Problem description: Within the lines below, the span from the line with "президентского кадетского училища." to the line with "- 弊社で販売しておりますユ", both ends included, is to be reproduced exactly, with pictures omitted.

Stored data entries
◇ ◇ ◇ ◇ ◇
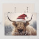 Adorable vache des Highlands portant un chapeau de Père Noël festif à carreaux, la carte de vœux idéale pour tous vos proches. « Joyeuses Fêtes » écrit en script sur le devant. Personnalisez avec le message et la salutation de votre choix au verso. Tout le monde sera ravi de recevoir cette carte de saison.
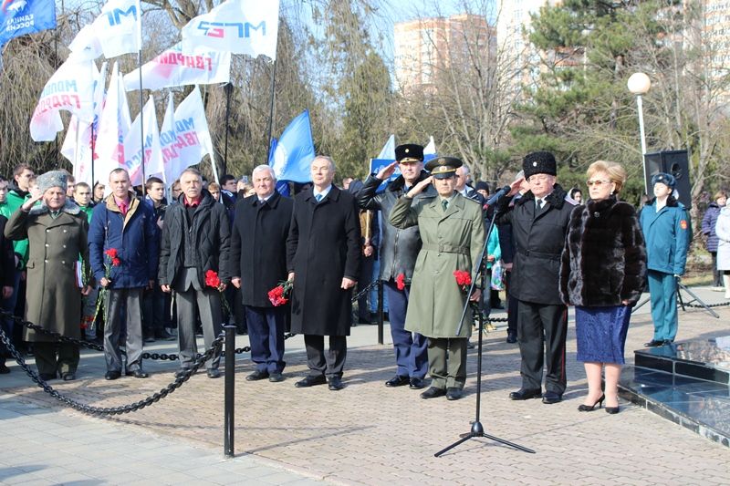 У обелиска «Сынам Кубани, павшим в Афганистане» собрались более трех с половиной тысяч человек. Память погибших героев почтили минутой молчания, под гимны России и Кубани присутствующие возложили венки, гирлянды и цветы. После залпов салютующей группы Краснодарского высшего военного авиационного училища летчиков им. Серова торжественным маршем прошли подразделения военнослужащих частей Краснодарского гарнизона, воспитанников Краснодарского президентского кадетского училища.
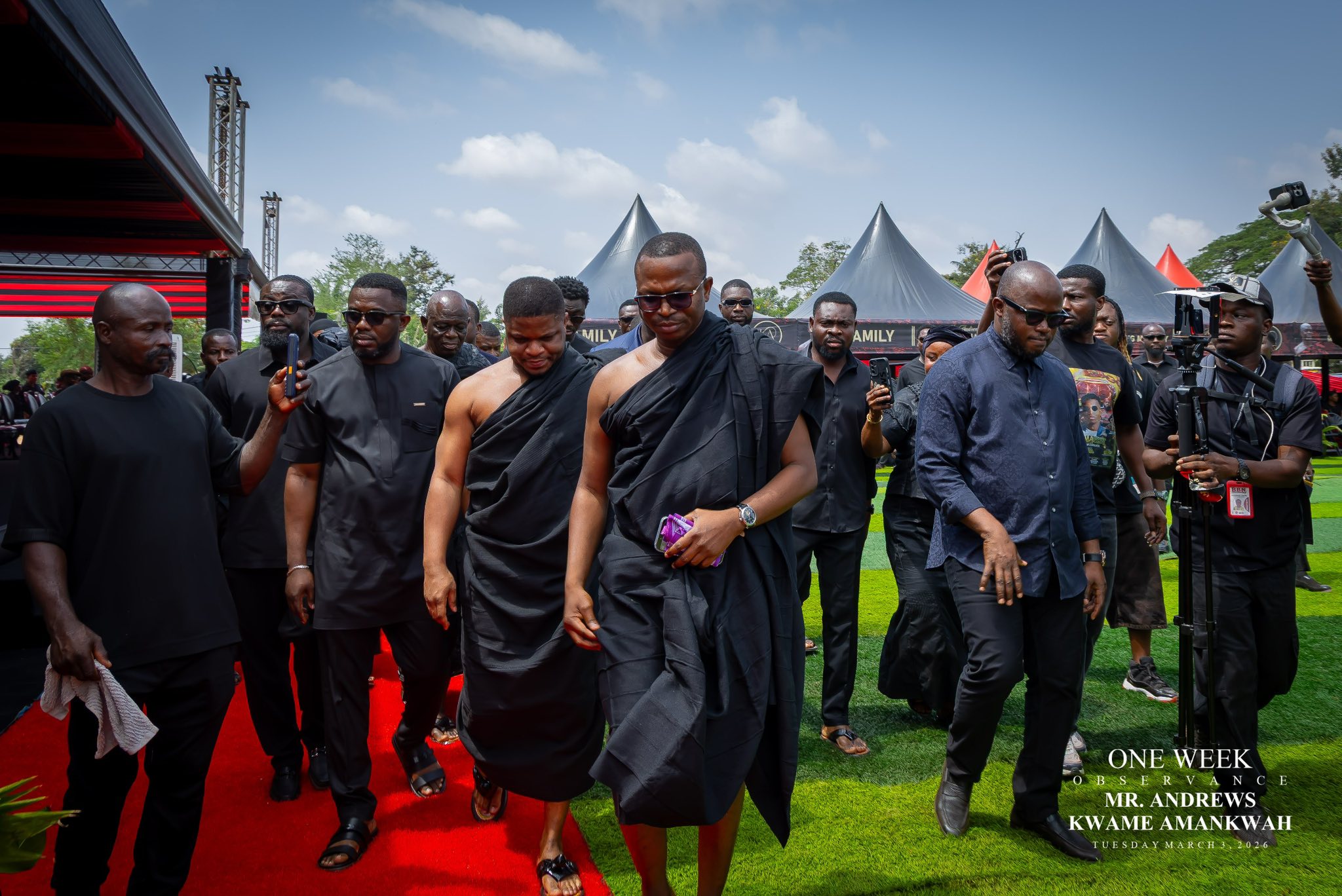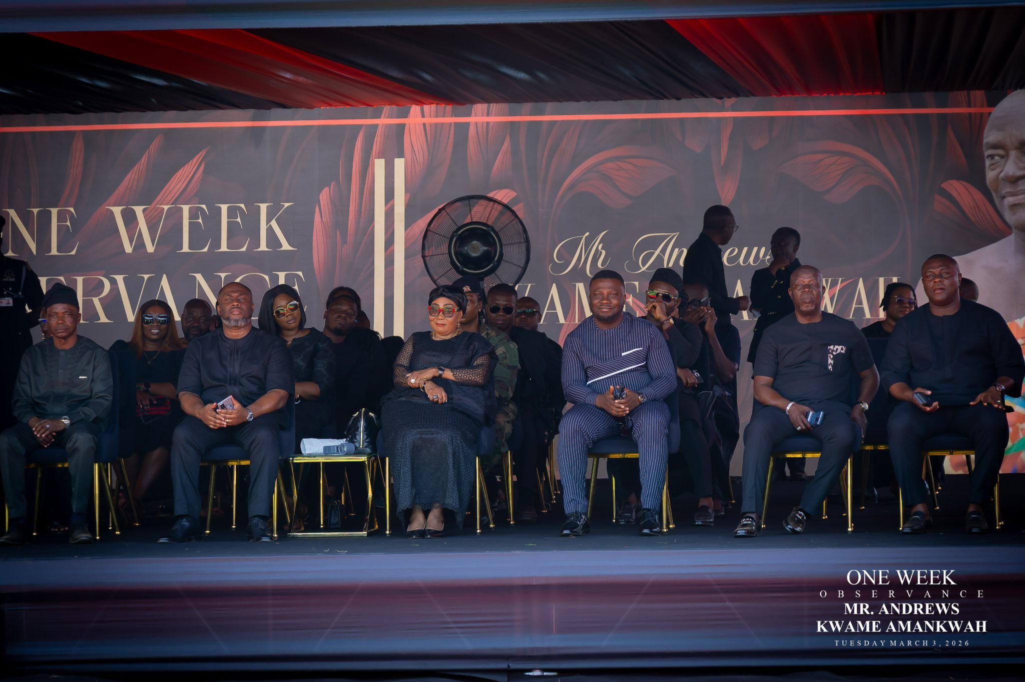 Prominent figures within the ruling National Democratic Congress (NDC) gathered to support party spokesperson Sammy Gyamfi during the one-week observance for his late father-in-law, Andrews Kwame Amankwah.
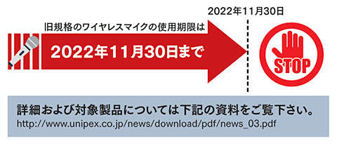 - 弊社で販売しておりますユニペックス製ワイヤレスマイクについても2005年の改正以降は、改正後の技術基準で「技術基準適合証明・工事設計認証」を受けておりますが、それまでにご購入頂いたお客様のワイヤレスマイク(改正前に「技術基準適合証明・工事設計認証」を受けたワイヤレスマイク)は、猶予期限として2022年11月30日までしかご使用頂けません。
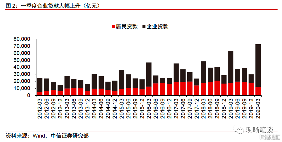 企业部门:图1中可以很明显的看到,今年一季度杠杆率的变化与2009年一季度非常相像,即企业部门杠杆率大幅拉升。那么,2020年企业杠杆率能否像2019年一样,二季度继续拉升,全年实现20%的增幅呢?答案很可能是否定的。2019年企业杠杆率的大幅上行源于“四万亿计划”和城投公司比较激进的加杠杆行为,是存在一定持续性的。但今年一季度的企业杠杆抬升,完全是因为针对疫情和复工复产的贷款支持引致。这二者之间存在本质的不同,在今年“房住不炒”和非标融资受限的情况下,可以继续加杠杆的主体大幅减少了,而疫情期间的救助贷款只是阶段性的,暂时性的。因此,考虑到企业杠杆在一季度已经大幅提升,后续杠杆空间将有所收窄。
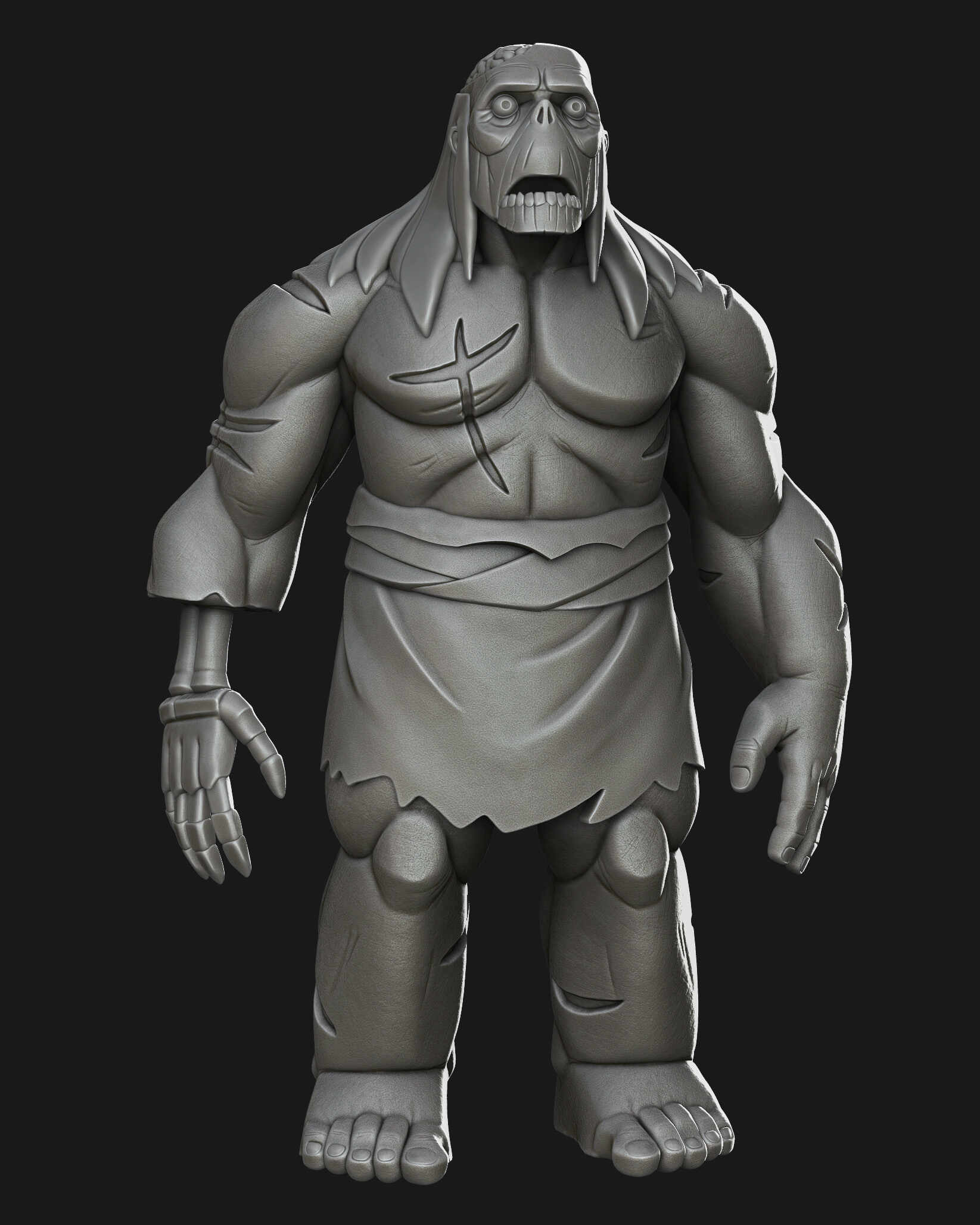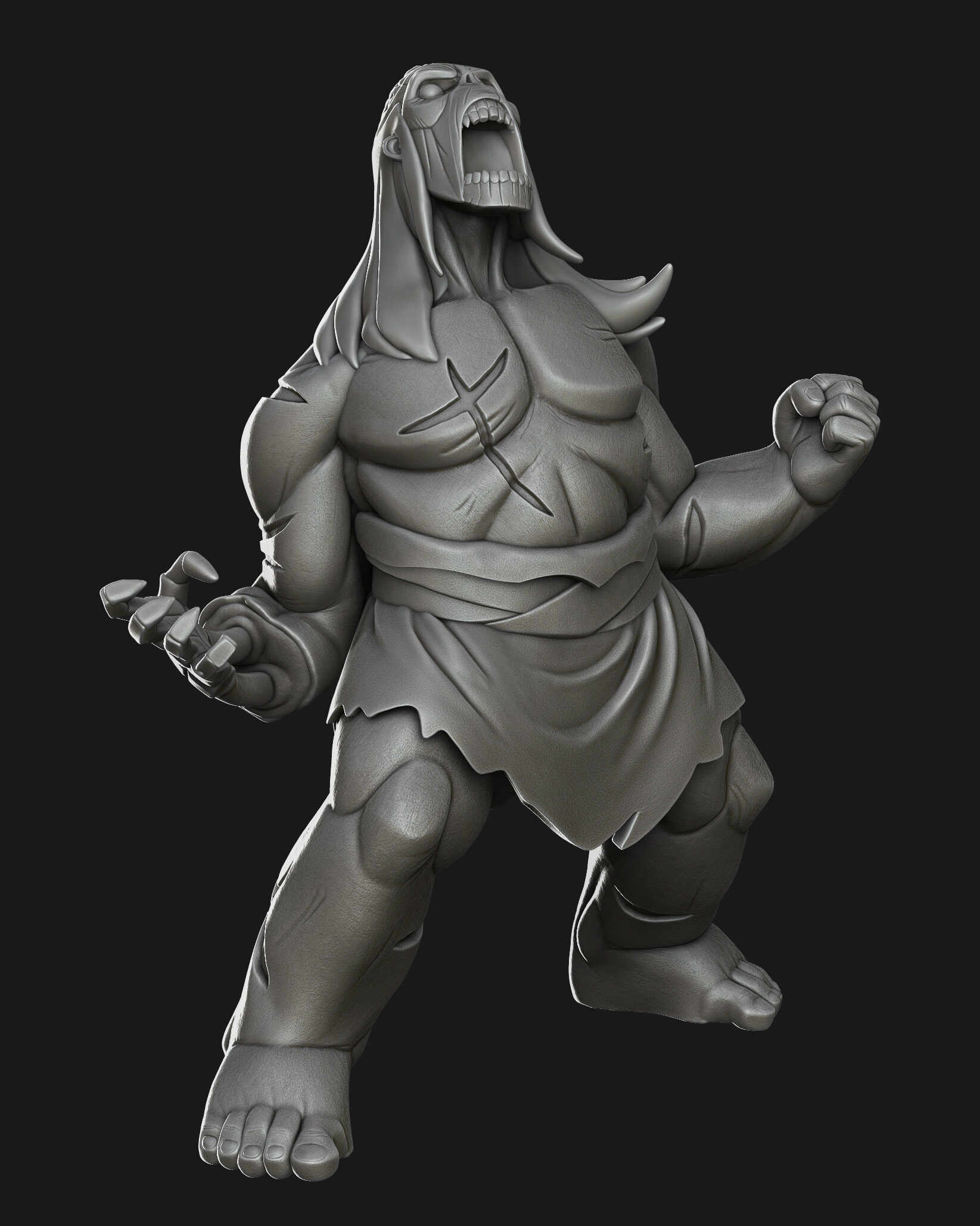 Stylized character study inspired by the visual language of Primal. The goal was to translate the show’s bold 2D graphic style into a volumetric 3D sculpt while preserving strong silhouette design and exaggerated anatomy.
◇ ◇ ◇ ◇ ◇
Reply to the exercise:
 У обелиска «Сынам Кубани, павшим в Афганистане» собрались более трех с половиной тысяч человек. Память погибших героев почтили минутой молчания, под гимны России и Кубани присутствующие возложили венки, гирлянды и цветы. После залпов салютующей группы Краснодарского высшего военного авиационного училища летчиков им. Серова торжественным маршем прошли подразделения военнослужащих частей Краснодарского гарнизона, воспитанников Краснодарского президентского кадетского училища.
 Prominent figures within the ruling National Democratic Congress (NDC) gathered to support party spokesperson Sammy Gyamfi during the one-week observance for his late father-in-law, Andrews Kwame Amankwah.
 - 弊社で販売しておりますユニペックス製ワイヤレスマイクについても2005年の改正以降は、改正後の技術基準で「技術基準適合証明・工事設計認証」を受けておりますが、それまでにご購入頂いたお客様のワイヤレスマイク(改正前に「技術基準適合証明・工事設計認証」を受けたワイヤレスマイク)は、猶予期限として2022年11月30日までしかご使用頂けません。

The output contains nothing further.